Self Doubt: It pains me to say this but women do all sorts of things that frustrate me and make them less touchable to me. They go to counseling, they start voicing their opinion; they join communities for support, or get into supportive relationships. They trust, believe in themselves, have faith and follow their intuition. It’s horrible! The worst is when women talk about me. They recognize my presence. They know the voice is me and not them. It is so much harder to get them to listen to me when they see me for who I am. That is why I try to stay undercover so much.
Jodi: What might motivate women to stand against you?
Self Doubt: Hope, desire to be happy, spirituality. Some women decide that they are sick of me and want to like themselves. They believe they are worth it. Can you believe that? I go in the shadows for a bit and then try to be sneakier.
Jodi: Well, That’s all the time we have for today. Thank you for coming and offering some information at great risk to your undercover operations. I look forward to asking more questions, next time we talk.
Jodi, the more i was reading the more i was drowning in my tears. That voice that started little, the Self Doubt has taken strength over the years. It starts so long ago and the need to be accepted and the need to be loved makes you more open and subject to listening to this voice, not only hearing it. You wait to see what it will tell you so that you try and be better to please more, but you just get more and more confused. It leads you to wrong choices, to fear, to despair, to accept much less than one you can be offered as you feel you’re not worth more.
This voice grew very fast, and now it has an echo. This voice became like a parrot repeating what i am being told, what i am forced to repeat out loud hundreds times about myself. After doing it, it all becomes mixed up, truth with lies, and identifying or remembering the truth become impossible.
I don’t know what year you wrote this, it only gives the day and month, but that is what happened yesterday afternoon/evening.
Let those same tears be protest for those untruths and let them be washed away! That post is almost two years old, I think. I’ll check.
Over two years old.
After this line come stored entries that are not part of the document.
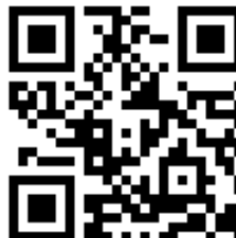
<KDDI 用 QR>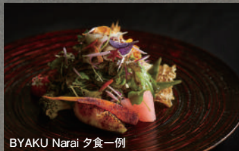
BYAKU Narai 夕食一例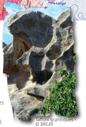
Taffoni granitiques

Pour les autres, ce phénomène est avant tout provoqué par des processus endogènes (du grec endon , dedans et gennan , engendrer). Lors du refroidissement du magma granitique en profondeur dans la croûte terrestre, le passage de l'état liquide à l'état solide génère des structures cristallines invisibles à l'œil nu. Ces microstructures, zones de faiblesse du granite vont permettre une perméabilité plus grande et favoriser l'altération du granite par le vent, l'eau, le sel et le soleil lorsque la roche sera portée en surface par un lent processus d'érosion ou par des événements tectoniques.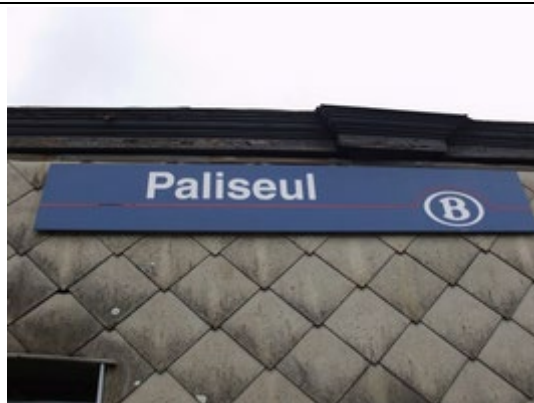
Panneau sur le bâtiment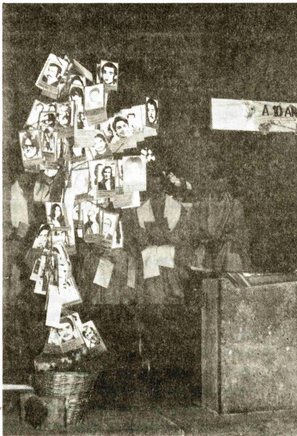
Gesto del árbol de la vida.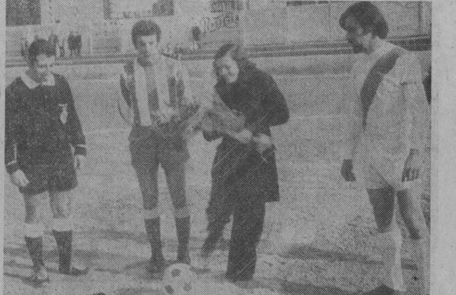
Preliminares del encuentro Acueducto-Colmenar.—(Foto Antonio.)

Anoche habían aparecido 970 boletines con 14 aciertos, 22.702 con 13 y 193.615 de 12.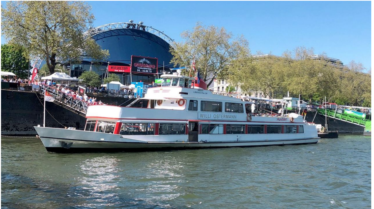
DSC-Einstieg-DSC-Dampfschiffahrt-Colonia-GmbH .jpg - © Dampfschiffahrt Colonia GmbH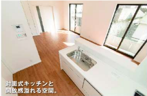
対面式キッチンと開放感溢れる空間。

この+P モデルハウス見学会 & 住宅ローン相談会開催 奈良エリア AM10時～PM5時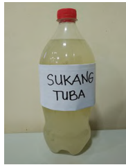
2.2 litro ng sukang tuba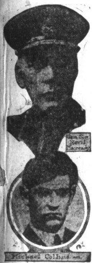
Podpisują rozejm angielsko-irlandzki. — Michał Collins, głównodowodzący irlandzką republikancką armją, który podpisał rozejm ze strony Sinn-Fein, i generał sir Nevil Macready, dowodzący wojskami angielskimi w Irlandji, który podpisał ze strony rządu angielskiego.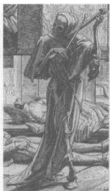
6. kép: A halál tánca

A pestis következtében, melynek 1347 és a 15. század vége között Európában rengetegen estek áldozatul, ezekkel az eleinte kézzel írt, később képekkel ellátott útbaigazítókkal a halál mindenkor jelen volt.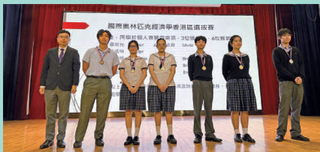
▲中學同學參加國際奧林匹克經濟學香港區選拔賽2024，榮獲3銀、6銅獎項。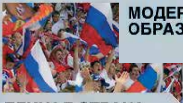
ЕДИНАЯ СТРАНА- ДОСТУПНАЯ СРЕДА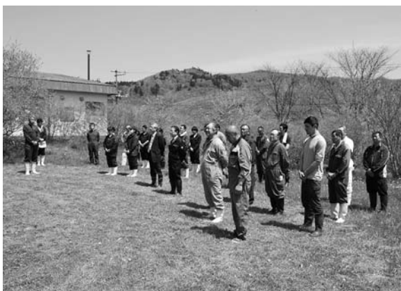
入牧後、牛魂祭が行われました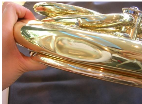
フレンチホルン 楽器を持ったまま階段から落ちてしまった

そこで、音楽舎の管楽器ユーザー様の負担を少なくしてさしあげたいという思いで出来たのが楽器の盗難破損保険です。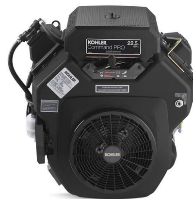
KOHLER CH680 23HP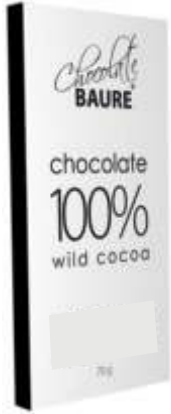
Chocolate 100% cacao silvestre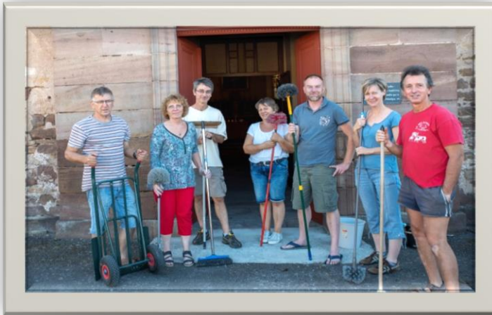
MENAGE DE PRINTEMPS A L'EGLISE EN AUTOMNE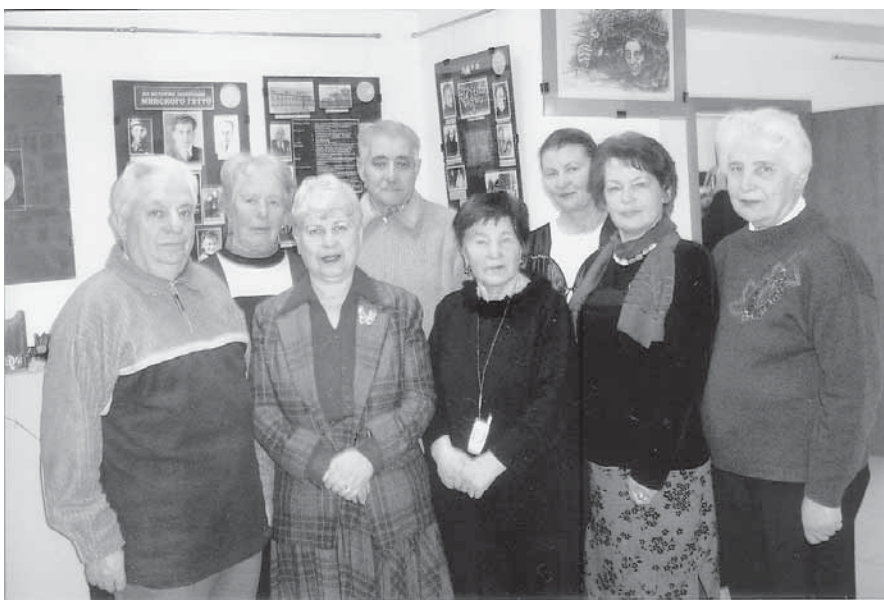
На встрече детей подпольщиков в музее истории и культуры евреев Беларуси.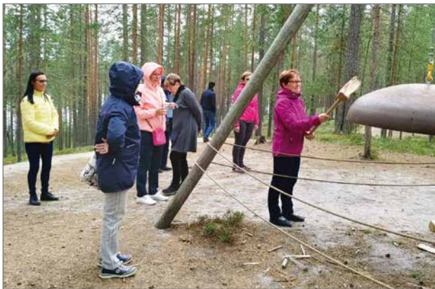
Teatteriretkeläiset Soiva metsä-polulla soittopuhissa.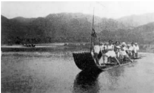
友声旅行团游剡溪。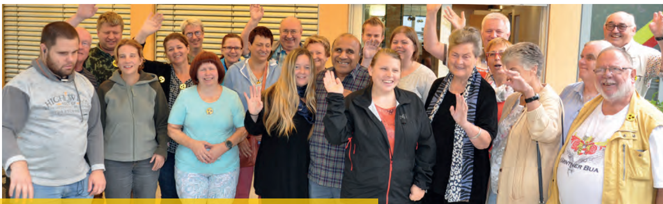
Eine fröhliche Runde mit Besuchern aus ganz Österreich beim Generationentreffen in Klagenfurt im Juli 2018.

Außerdem lud der BSVK erstmals eine Sexualpädagogin vom Verein „liebenslust“ aus Graz ein, um über Gefühle, Kennenlernen und Sexualität in einem ausgebuchten Workshop zu sprechen. 2018 hat wahrlich frischen Wind in den BSVK gebracht!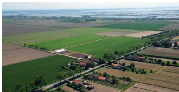
Veduta aerea del vivaio di Nordest Prati dove si coltivano prati in zolla, Sedum e piante tappezzanti da vendere 'pronti all'uso'

messo a punto un innovativo sistema per la realizzazione di aiuole con piante tappezzanti, per ombra o mezza ombra, che vengono coltivate direttamente in zolle e offerte al cliente già mature, anch'esse pronte per essere appoggiate al terreno. Non da ultimo, Nordest Prati produce tappeti di Sedum, un genere di pianta grassa con colorazioni che spaziano dal rosso al bianco al giallo che resiste al pieno sole e che ben si presta alla realizzazione di tetti verdi. "I tetti verdi, apprezzati per la loro gradevole estetica e per le caratteristiche di coibentazione, cominciano a diffondersi significativamente soprattutto in Alto Adige, in alternativa alle vasche di prima pioggia che sono obbligatorie nelle nuove costruzioni" afferma Bombardella. L'intera produzione di Nordest Prati si rivolge a vivaisti, giardinieri e ai privati. L'azienda spedisce in tutt'Italia e anche all'estero e, da qualche tempo, ha attivato una sezione di e-commerce all'interno del sito che permette di acquistare online in modo sicuro, semplice e veloce, ampliando quindi le potenzialità di vendita.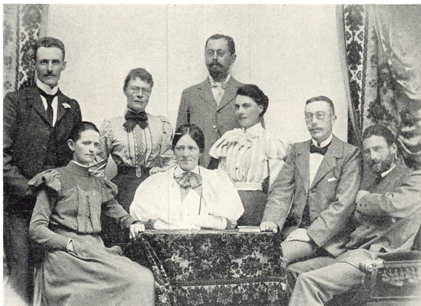
Paa Statens Lærerkursus 1898-99

What are and become what we tell ourselves that we are, but this can change!
It does change, at least it started changing four months ago, after meeting nice friends who say and repeat the opposite of what I’m used to hear about myself. Self doubt is still there, telling me that my new friends still don’t know me, never met me, but i am learning not to listen.Thank you for everything you write and for your comments. It really helps a lot to find everyday something appropriate.
I just saw now that you shared that post again. I loved it when I first read it, and I loved it even more now. If i didn’t see it was shared on the page over 10 hours ago, i would think you did because of my replies to the comment on my latest Blog and on one other blog. I was talking about self doubt that starts controlling your thoughts because of the influence of other person repeating the same things and transforming the truth. At some point, you get all mixed up.